Mass. Beekeepers Abuzz at the Sting of Proposed State Plan

MDAR’s proposed “Pollinator Protection Plan” has enraged beekeepers, who say the state has ignored their plan to address the problems and underestimated the threat pesticides present to bees.

Was a USDA Scientist Muzzled Because of His Bee Research?

In October, Jonathan Lundgren filed a whistleblower suit alleging that he was disciplined to suppress his science. The government says the suspensions had nothing to do with his research. Today, he is the most outspoken of several scientists who say they feel muzzled by the government.
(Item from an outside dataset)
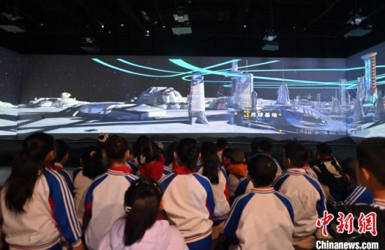 4月9日,吉林長春,小朋友在參觀航天服模型。中國航天日臨近,不少小朋友來到筑夢星辰(長春)航天科教文旅館,通過互動體驗學(xué)習(xí)航天知識,探索宇宙的奧秘。中新社記者 張瑤 攝
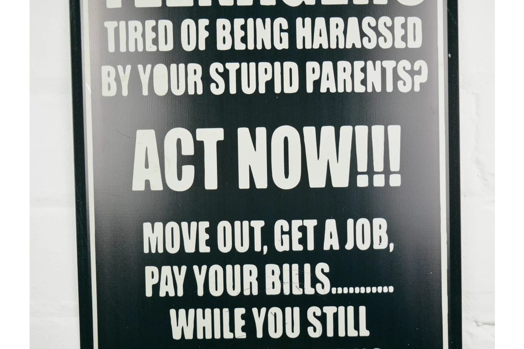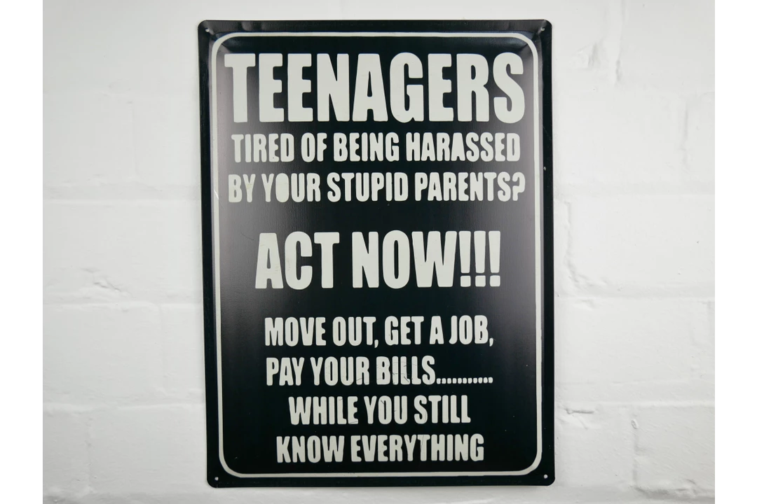 This metal teenagers sign is a fun, cheeky and comical sign ready to pre warn your teenagers of the grown up tasks ahead. Perfect gift or present for any parents with teenagers, also makes a great gift for any teenager with a good sense of humour. If you have teenagers that think they no better or could also do better, then this sign might therefore consequently be the reminder they need to put them off! Be sure to hang in pride of place to remind your teenagers the other life they could lead.

57 Different Pesticides Found in Poisoned Honeybees

A new method to detect a wide range of pesticides could help save bee populations. (maybe we could just think about why we need to apply 57 different pesticides during blooming season)

 

Urban Farming

Most Urban Farmers Aren't Making a Living

In a survey of 370 self-identified urban farms in the U.S., researchers found that about two-thirds had a social mission that went beyond food production and profit.  They also found that, regardless of their mission, roughly two-thirds of urban farmers say they’re failing to make a living, reporting sales below $10,000 per year.

 

Water/Food Safety

Should We Be Watering California’s Crops With Oil Field Wastewater?

After years of drought, farms are desperate for water. But a new report recommends taking a closer look at water that's being repurposed from oil fields. Whether it’s possible for plants to take up harmful chemicals from irrigation water has not yet been studied by scientists. Current monitoring efforts are insufficient to understand the risks to human and animal health.